» **Required work**: Exact copy, no pictures: repeat the data that follows.

» **Provided material**:
────────
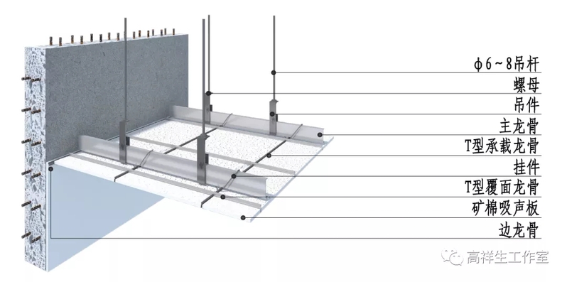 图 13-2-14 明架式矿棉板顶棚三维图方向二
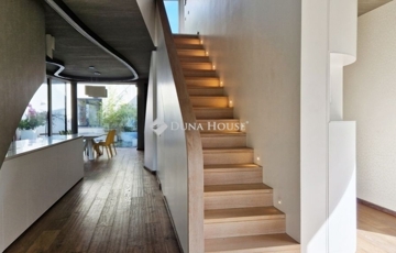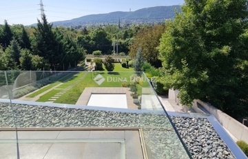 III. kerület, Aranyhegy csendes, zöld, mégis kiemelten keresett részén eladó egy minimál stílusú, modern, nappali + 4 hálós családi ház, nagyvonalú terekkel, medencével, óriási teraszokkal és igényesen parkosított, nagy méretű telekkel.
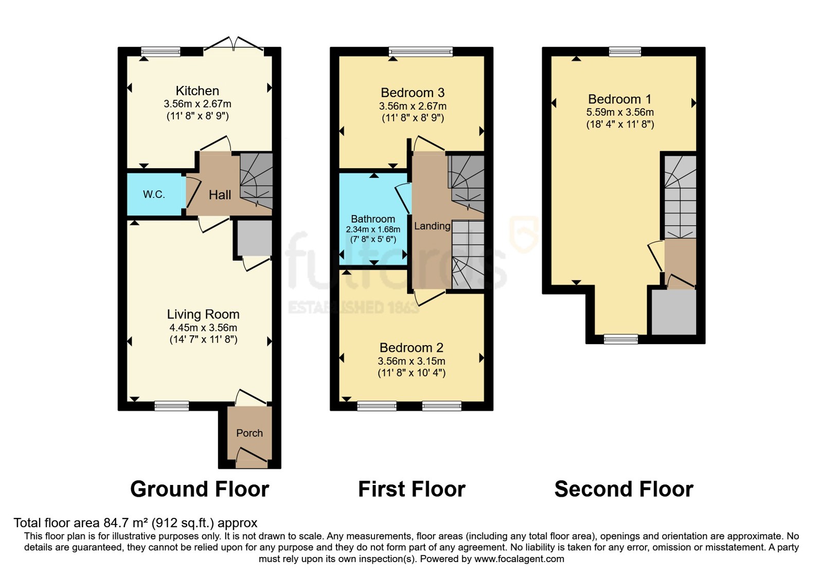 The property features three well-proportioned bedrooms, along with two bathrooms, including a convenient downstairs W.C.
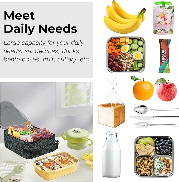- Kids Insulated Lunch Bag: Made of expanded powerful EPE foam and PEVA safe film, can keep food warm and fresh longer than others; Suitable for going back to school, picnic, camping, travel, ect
────────
» **Output for this task**:
 图 13-2-14 明架式矿棉板顶棚三维图方向二
 III. kerület, Aranyhegy csendes, zöld, mégis kiemelten keresett részén eladó egy minimál stílusú, modern, nappali + 4 hálós családi ház, nagyvonalú terekkel, medencével, óriási teraszokkal és igényesen parkosított, nagy méretű telekkel.
 The property features three well-proportioned bedrooms, along with two bathrooms, including a convenient downstairs W.C.
- Kids Insulated Lunch Bag: Made of expanded powerful EPE foam and PEVA safe film, can keep food warm and fresh longer than others; Suitable for going back to school, picnic, camping, travel, ect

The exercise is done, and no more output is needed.